Last year, Easytrip, an Irish company that helps Irish motorists by making their journeys as simple as possible, carried out a survey on male and female drivers. It found that 89pc of women said they would pull over and seek help if they got lost, compared to just 48pc of men, who were happy to plough on, and on, and on …

In the American magazine 'Psychology Today', psychologist Mark Goulston explains that for a man, asking for directions is a sign of failure.

"To admit I'm lost is to feel both anxious and incompetent," he says.

"To ask other men, who I project might be feeling as judgmental towards me as I feel towards myself, is to invite ridicule and humiliation."
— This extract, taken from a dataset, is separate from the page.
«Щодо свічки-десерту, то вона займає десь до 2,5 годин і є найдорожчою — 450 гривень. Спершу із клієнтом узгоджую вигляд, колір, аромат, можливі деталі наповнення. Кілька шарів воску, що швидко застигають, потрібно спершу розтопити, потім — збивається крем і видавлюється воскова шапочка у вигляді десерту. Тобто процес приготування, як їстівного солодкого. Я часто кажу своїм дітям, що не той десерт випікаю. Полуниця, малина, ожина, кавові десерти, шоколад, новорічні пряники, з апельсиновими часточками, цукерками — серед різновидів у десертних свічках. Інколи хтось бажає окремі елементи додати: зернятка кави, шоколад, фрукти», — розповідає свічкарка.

It seems a little dramatic to feel so unmanly and weak about asking for simple directions.

A study carried out by researchers from Duke and Pittsburgh Universities, along with the University of San Diego, surveyed students from a high-flying business school.
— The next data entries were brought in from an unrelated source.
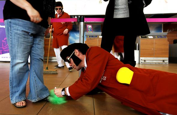 Артист труппы «Mischief La-Bas» в костюме Элвиса Пресли чистит сандалии женщины в аэропорту Прествик (Шотландия). 3 марта 1960 года Элвис Пресли прилетал для дозаправки на тогдашнюю базу США в Прествике после двухлетней службы в армии. (Jeff J. Mitchell/Getty Images)
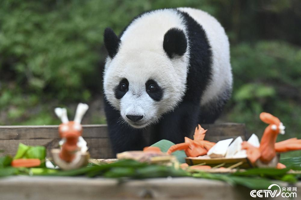 广州长隆野生动物世界保育员用胡萝卜、竹子为大熊猫“萌萌”“妹猪”母女制作“端午大餐”。
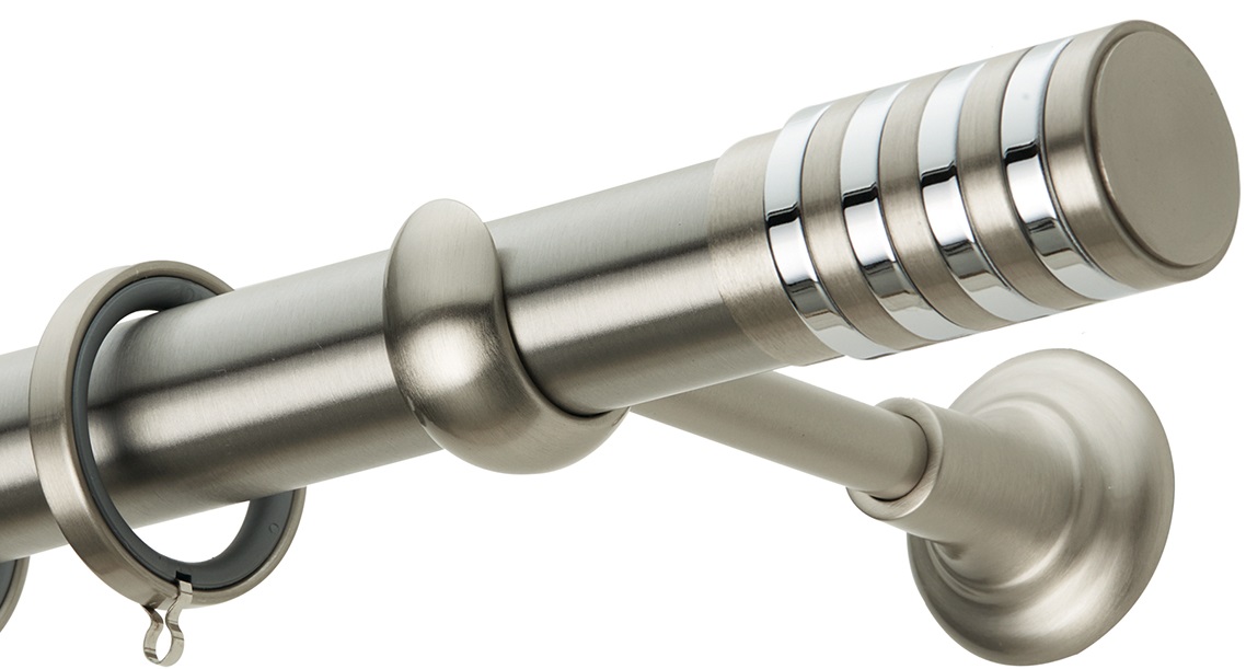 Επιβλητική σειρά από την Prestige Collection της εταιρίας Ζωγομετάλ με πάχος σωλήνα Φ.35 και διακοσμητικά δίχρωμα άκρα βαρέως τύπου, σε απόχρωση Νίκελ ματ/Χρώμιο.Καταπληκτικό design που θα αναβαθμίσει τον εσωτερικό σας χώρο προσθέτοντας του μια απαράμιλλη κομψότητα αναδεικνύοντας και την παραμικρή του λεπτομέρεια.Διαθέσιμο σε 4 διαστάσεις (1.60m,2.00m,2.50m,3.00m).Για διπλές κουρτίνες διατίθεται,είτε σε διπλό με εσωτερικό σιδηρόδρομο αλουμινίου, είτε σε διπλό με εσωτερικό σωλήνα Φ.20.Προσαρμόζεται και στις δικές σας διαστάσεις και κόβεται στα μέτρα σας κατόπιν παραγγελίας.

They found that more than a 25pc of men wait at least half an hour before asking for directions, with 12pc refusing to ask at all.
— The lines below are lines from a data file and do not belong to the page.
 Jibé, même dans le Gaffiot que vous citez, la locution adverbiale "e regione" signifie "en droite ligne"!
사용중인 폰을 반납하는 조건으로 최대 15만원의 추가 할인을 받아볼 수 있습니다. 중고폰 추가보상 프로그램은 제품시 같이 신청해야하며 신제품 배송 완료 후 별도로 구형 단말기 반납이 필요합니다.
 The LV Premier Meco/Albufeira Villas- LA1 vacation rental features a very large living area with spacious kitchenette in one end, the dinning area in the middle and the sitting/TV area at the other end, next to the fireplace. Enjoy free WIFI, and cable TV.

And 40pc of the men who would consider asking a stranger for directions said they wouldn't trust or follow the directions anyway. Seriously? It is because of this bull-headedness that the average man will travel those extra 900 miles. Surely it's time for men to 'face the fear and do it anyway'.

And if they do take the plunge and ask for directions, it's a good idea to trust those directions and not ignore them.

As someone with a disastrous sense of direction, I probably spend more time asking for directions than I do driving. If I didn't ask I would never reach my destination, so I find it very hard to understand why men are so reluctant to do it.

Thank God for technology. The day I got satellite navigation for my car my life was transformed. I consider Sat Nav to be the best invention since the epidural. It has improved my life and the lives of millions of women and men as we now no longer get lost.

Think of the arguments that Sat Nav has prevented. Think of the wasted time driving around in circles it has cut out. Think of the calm and happy atmosphere in cars across the world as families reach their destinations without an 80-mile wrong turn.

The only danger now is for tourists travelling in Ireland, who have found that Sat Nav doesn't always figure out all of our back roads. Tourists are discovering that when they ask a local for directions, it can lead to an 'interesting' outcome.

An American family driving in Kerry asked a local man on a bike for directions. After asking them where they were from; how long they were staying in Ireland; how long their flight was; had they ever met his brother who emigrated to the US back in the '70s … he finally sent them on their way.

The local man insisted that the Google maps directions they had were sending them on a long route and he knew a good "shortcut using back roads". The poor family proceeded to get completely lost and eventually had to call the Kerry Mountain Rescue Team.

Personally, I think I'll stick to Sat Nav and asking women for directions.